Given the following position function: (position is in ft , time is in sec ) \( \mathrm{s}(\mathrm{t})=\frac{11}{3} \mathrm{t}^{3}-\frac{55}{2} \mathrm{t}^{2}+\mathrm{t} \) Find the velocity at \( \mathrm{t}=2 \). \( \mathrm{v}(2)=[?] \frac{\mathrm{ft}}{\mathrm{sec}} \)

To find the velocity at \( t = 2 \), we first need to determine the velocity function, which is the derivative of the position function \( s(t) \).
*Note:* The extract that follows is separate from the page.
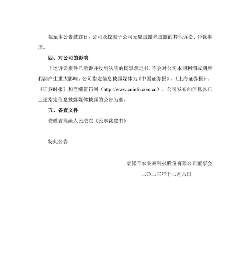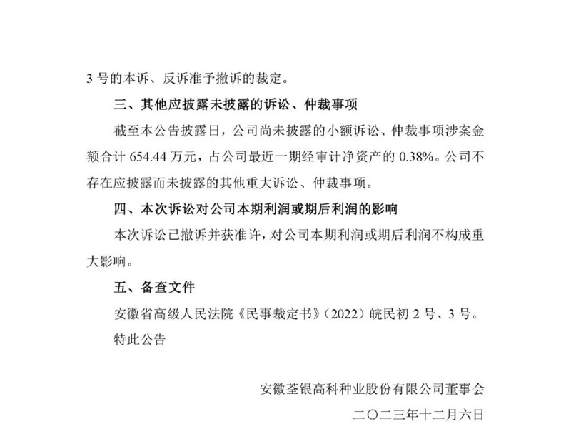 5.荃銀高科刪除針對(duì)涉訴相關(guān)品種的《維權(quán)公告》(2021 年 3 月 11 日發(fā)布) 及其相關(guān)“維權(quán)”的公開(kāi)信息和公開(kāi)表述。雙方不得就涉訴事項(xiàng)再次對(duì)對(duì)方及其子公司提起主張,包括相關(guān)訴訟、投訴、對(duì)外發(fā)布言論及公告等。

Starting with: \[ s(t) = \frac{11}{3} t^3 - \frac{55}{2} t^2 + t \] We differentiate \( s(t) \) with respect to \( t \): \[ v(t) = \frac{ds}{dt} = \frac{d}{dt} \left(\frac{11}{3} t^3 - \frac{55}{2} t^2 + t\right) \] Calculating the derivatives: \[ v(t) = 11t^2 - 55t + 1 \] Now we can substitute \( t = 2 \) into the velocity function: \[ v(2) = 11(2)^2 - 55(2) + 1 \] Calculating this gives: \[ v(2) = 11(4) - 110 + 1 = 44 - 110 + 1 = -65 \] Thus, the velocity at \( t = 2 \) is: \[ v(2) = -65 \, \frac{ft}{sec} \]